Masquerade - Pinocchio …And The Rise Of Disco Prog

posted by on May 7 at 13:42 PM

Boris Midney emigrated to the United States from the Soviet Union in the late ‘60’s. Once in New York he began a musical career that would take him to the heights of popularity during the disco era. He was a talented multi-instrumentalist and producer who had a huge impact on Disco. Especially in the vein of the long thematic albums that would shape a sub-genre of Disco I like to call Progressive Disco, or Disco Prog. One of his albums in particular, Beautiful Bend is one of the greatest productions of the decade in any musical style. Boris never released music under his own name, he always made up fictitious group names for his various excapades. Today’s Dust Bin choice, in particular, totally exemplifies the style of Boris’ thematic Progressive Disco.

BorisMidneyMasquerade.jpg

Masquerade was a project from 1979 on Prelude records. Once again Boris did most of the work with the exceptions of the strings, guitars and drums. The two completely mixed sides tell the story of Pinocchio’s birth, travels, troubles and his homecoming. But true to Midney’s form it’s not a direct story as much as an assemblage of themes and emotions that are brought out by the music in a number dancefloor fillers. Some of the track titles allude directly to the story (Don’t Leave Me Hanging, Wooden-Wooden Puppet) and others are a little more abstract (I’m Attached To You, Open The Secret Door). Through the seven “scenes” the album manages to relay the main themes of Pinocchio’s story without getting all Disney-ish and treacle-y.

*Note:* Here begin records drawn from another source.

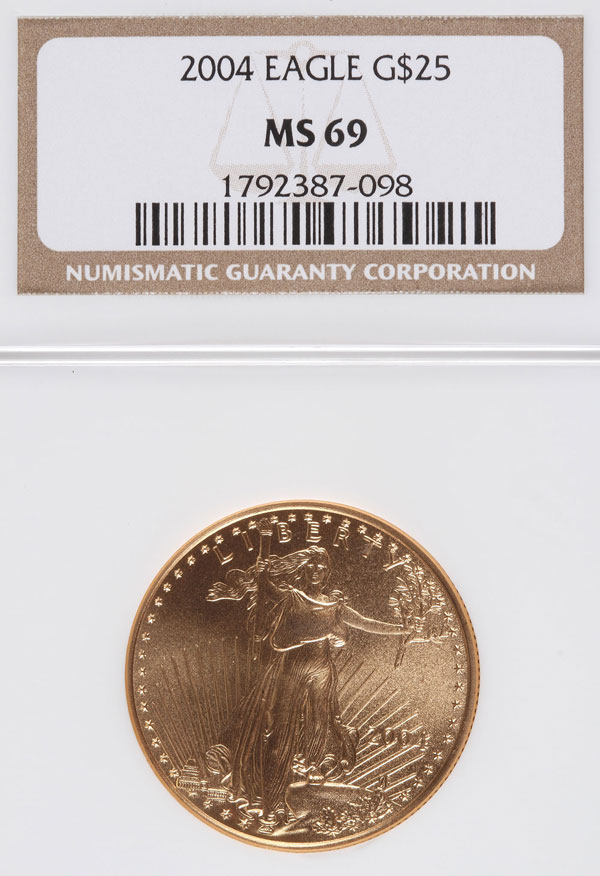 A 2004 AMERICAN GOLD EAGLE NGC MS69. $25 gold coin, .5 Troy oz.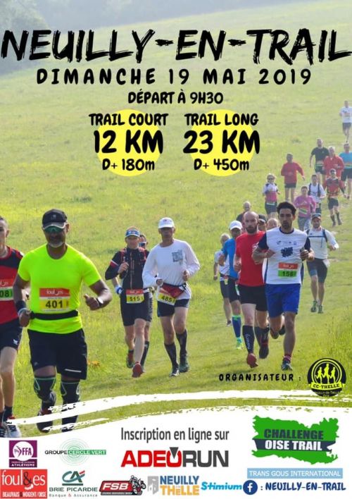 Une boucle de 12 km à travers des chemins et le bois Viville en auto-suffisance, ravitaillement à l'arrivée. Départ 9H30 au départ du complexe sportif Alain Mallon de Neuilly-en-Thelle. Course en faveur de la lutte contre le cancer. Catégories autorisées CA->V5.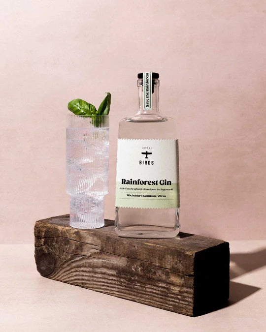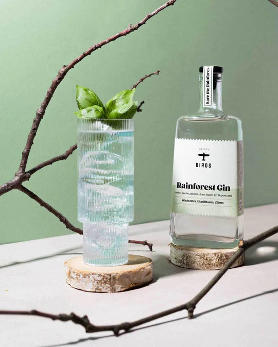 Der BIRDS Rainforest Gin schmeckt wie "Urlaub im Glas". Neben den Wacholderbeeren forciert sich BIRDS auf frische, mediterrane Zitrus- und Basilikum-Noten, ideal abgerundet mit Ingwer und Rosa Pfeffer.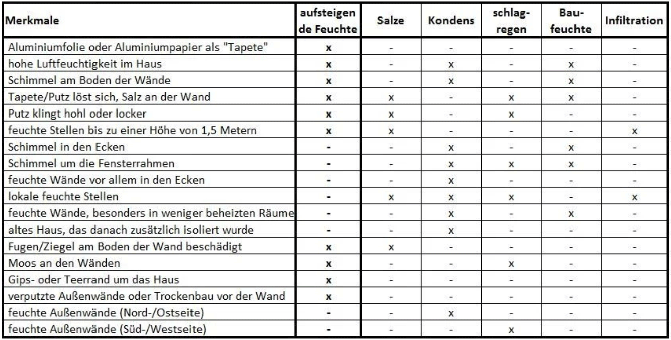 Eine Reihe von Merkmalen kann eine Vorstellung davon geben, was das Feuchtigkeitsproblem verursacht hat: durch aufsteigende Feuchtigkeit, durch Salze in der Wand, durch Kondensation, Schlagregen, Baufeuchtigkeit oder durch Infiltration.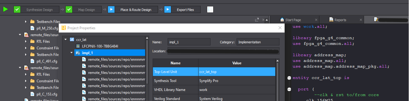 b. Update the top-level on "Project > Active Implementation > Set Top-Level Unit..."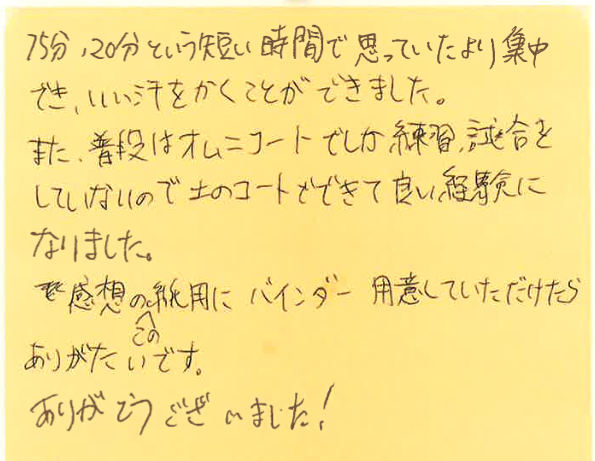 ぜひこの経験を活かして、これからのテニスをお楽しみください!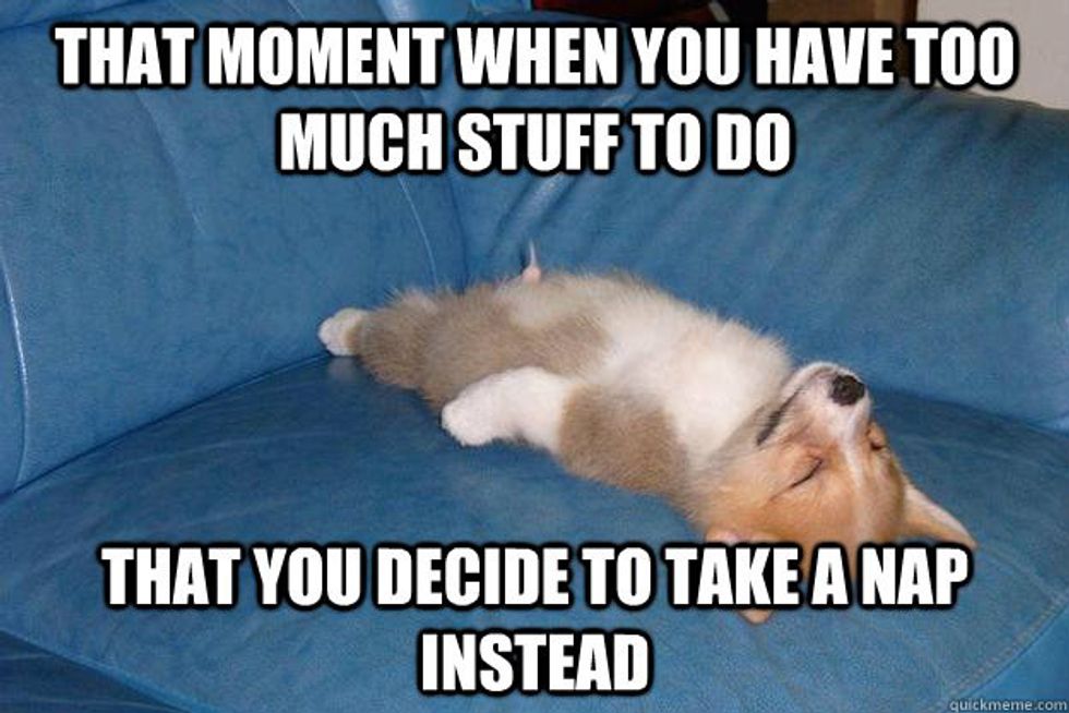 Putting off getting out of bed because you stayed up all night because you procrastinated doing your work until the last minute...I feel you. Just five more minutes please....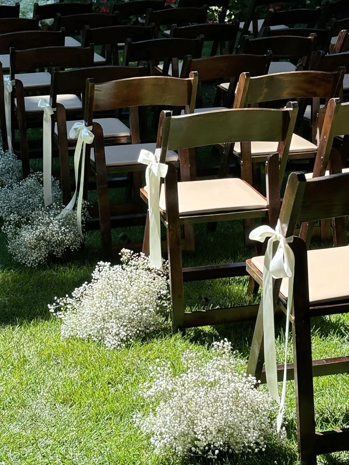 Our 60” foldable wooden rounds comfortably seat 8 people per table!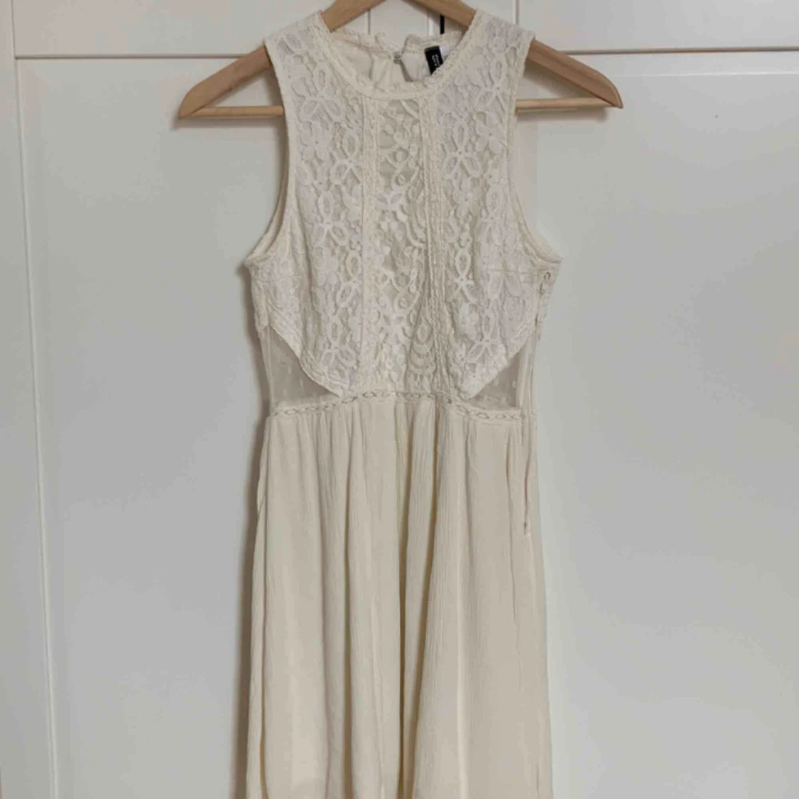 En lite beige insydd klänning som använts en gång. Spetts upptill och en luftig vid underdel.

The two sides combine to make a nice 34 minute story, which I think follows in the vein of some of Prog’s best footsteps; long songs, progressive music and thematic connections. Die-hard Prog fans may think I’m daft, but I believe this to be the logical step beyond and outside of the conventions prog was stuck in at the time. Groups like Yes and Genesis (as well as too many others to name) were trying to find ways to make their music more “pop” and successful, and by doing so were ending up with albums full of shorter radio friendly tracks. While possibly producing a few hits this trend was basically driving nails through the heart of what was then known as “Prog”.

I believe that what Boris Midney and other long-form, Progressive Disco producers of the time (Alec Constandinos, Cerrone….) were doing was laying the groundwork for artists who were coming along with electronics and synths, ready to give the world a different kind of experience. Not just music to listen to while sitting in front of your record player getting stoned, but one in which the listener could become an active participant on the dance floor. Then with the death of disco, they could lead us back in front of our stereos again, but this time with a greater acceptance and understanding of electronic and dance music (Jean-Michel Jarre, Vangelis….).

You can sample both tracks at my blog, here.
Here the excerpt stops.